HIPBLAS — Local AI Glossary | CraftRigs

hipBLAS is AMD's BLAS (Basic Linear Algebra Subprograms) interface that routes matrix and vector operations onto AMD GPUs via the ROCm runtime. For local AI builders on Radeon hardware, it is the backend that makes llama.cpp actually use the GPU instead of falling back to the CPU.

How It Fits Into the llama.cpp Build

llama.cpp does not pick up AMD GPU support automatically. You have to compile with hipBLAS explicitly enabled (for example, GGML_HIPBLAS=ON or the equivalent CMake flag), pointing the build at a working ROCm install. Without that flag, the binary will load fine and even accept -ngl layer offload arguments, but layers silently stay on the CPU — which is the most common cause of "GPU layers not offloading" symptoms on AMD systems.

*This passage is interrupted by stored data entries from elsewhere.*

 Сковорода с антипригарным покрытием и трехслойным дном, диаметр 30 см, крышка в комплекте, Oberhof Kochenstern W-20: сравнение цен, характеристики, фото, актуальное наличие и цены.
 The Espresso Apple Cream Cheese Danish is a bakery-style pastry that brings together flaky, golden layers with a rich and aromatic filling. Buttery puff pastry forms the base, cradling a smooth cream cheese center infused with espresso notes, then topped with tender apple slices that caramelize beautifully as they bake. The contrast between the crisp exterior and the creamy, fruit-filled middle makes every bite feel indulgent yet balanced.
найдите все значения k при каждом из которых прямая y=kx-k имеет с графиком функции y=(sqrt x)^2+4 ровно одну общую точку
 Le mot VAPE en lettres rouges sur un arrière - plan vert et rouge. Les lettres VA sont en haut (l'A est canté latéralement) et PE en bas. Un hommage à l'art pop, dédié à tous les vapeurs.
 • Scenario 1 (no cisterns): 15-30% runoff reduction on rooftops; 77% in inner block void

hipBLAS vs cuBLAS vs Vulkan

hipBLAS is the AMD analogue to NVIDIA's cuBLAS, which is what CUDA builds of llama.cpp link against. The APIs are deliberately similar — HIP is designed as a near drop-in for CUDA — but the toolchains do not mix: a cuBLAS binary will not talk to a Radeon, and a hipBLAS binary will not talk to a GeForce. Vulkan backends exist as a more portable alternative, but hipBLAS generally delivers better throughput on supported AMD cards because it goes through ROCm's tuned kernels rather than a generic compute API.

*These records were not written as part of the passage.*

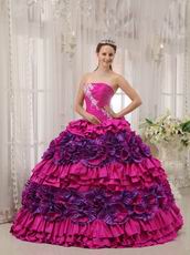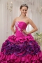 2014 Strapless Fuchsia Quince Dress Skirt With Rolled Flowers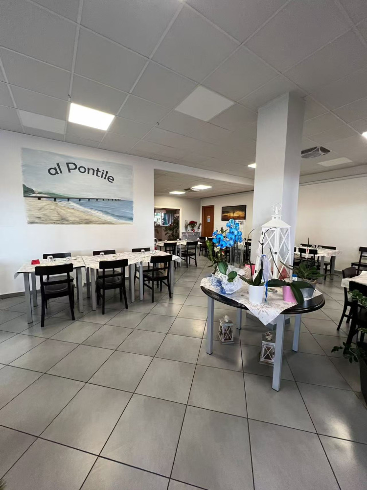 La cucina, di 25 mq, è completamente attrezzata con dotazioni professionali e permette di iniziare l’attività fin da subito, senza necessità di ulteriori investimenti.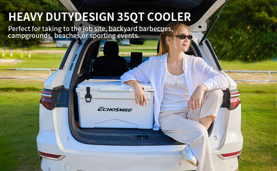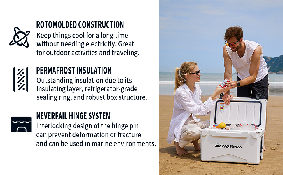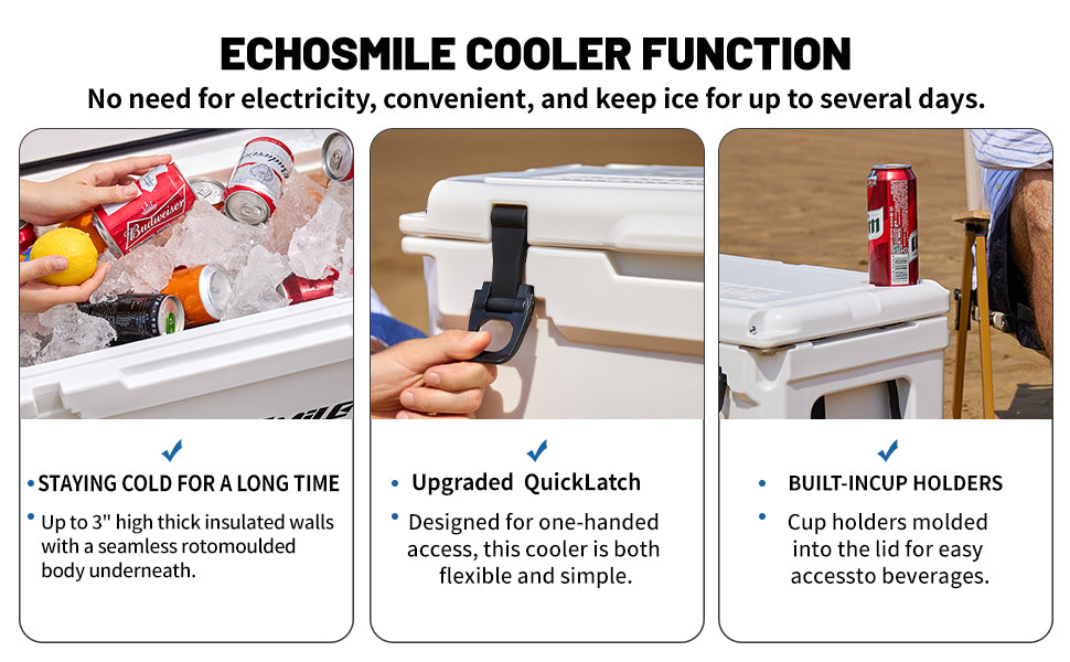① ICE RETENTION: EchoSmile Rotomolded cooler keeps cold for up to 5 days with recommended 2:1 ice-to-contents. The intermediate insulation layer is made of polyurethane so as to provide superior insulative and high strength. The silicone sealing ring seals the whole space to avoid heat convection and prolong the cryopreservation time.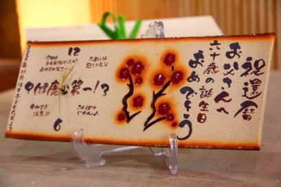 ■似顔絵 メールでお写真を(数枚)送っていただきます。 お写真を参照してかわいく似顔絵を作成します。 ■内側のメッセージ 感謝の言葉をメールで送ってください。 (長文は入りません) ■茶碗の外側のお色 目的に合わせて色を選んで下さい。 還暦=赤、金婚=黄色、銀婚=白、など お客様の自由で選べます。 料金は一碗で10800円(桐箱付き)* 夫婦茶碗(二碗セット)の場合は15120円* オーダーメイドの納期は2週間です。 *配送料別途。 |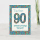 A pretty Age-specific Birthday Card for a Ninety-year-old Friend, with the number 90 and the border filled with a colourful retro floral pattern on a teal background. The floral pattern is part of the Posh & Painterly 'Granny Print' collection, from a hand-painted paper collage by Judy Adamson. This design will fit all Greeting Card sizes.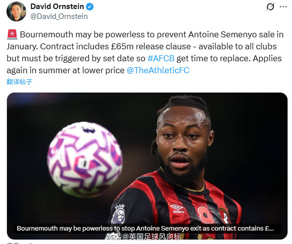 【塞约曼违约金曝光】TA名记DO:伯恩茅斯很可能无力阻止主力边锋塞曼约,在一月冬窗转会离队,尽管他们的愿望是留住这名25岁加纳国脚直至本赛季结束。因为在塞曼约的合同当中,有一条6500万英镑的违约金条款。2025年7月,伯恩茅斯成功与塞曼约续约5年,2030年6月到期。不过,正是在这次续约当中,加入了6500万英镑违约金条款,对所有球队有效。在夏窗和冬窗都有效,前提是在转会窗指定日期之前才能激活,这样可以给樱桃军团预留时间寻找替补人选。PS:这种带时限的违约金条款还是比较常见的,例如夏窗8月1日之前才能激活,冬窗1月15日之前才能激活。

Why It Matters for Local AI

If you are running an AMD GPU for local inference, hipBLAS is the difference between fast GPU-accelerated decoding and a build that quietly runs on the CPU at a fraction of the speed. Misconfigured or missing hipBLAS support is the single most common reason VRAM offloading appears broken on Radeon rigs, so verifying the build flag is step one when tokens per second look wrong.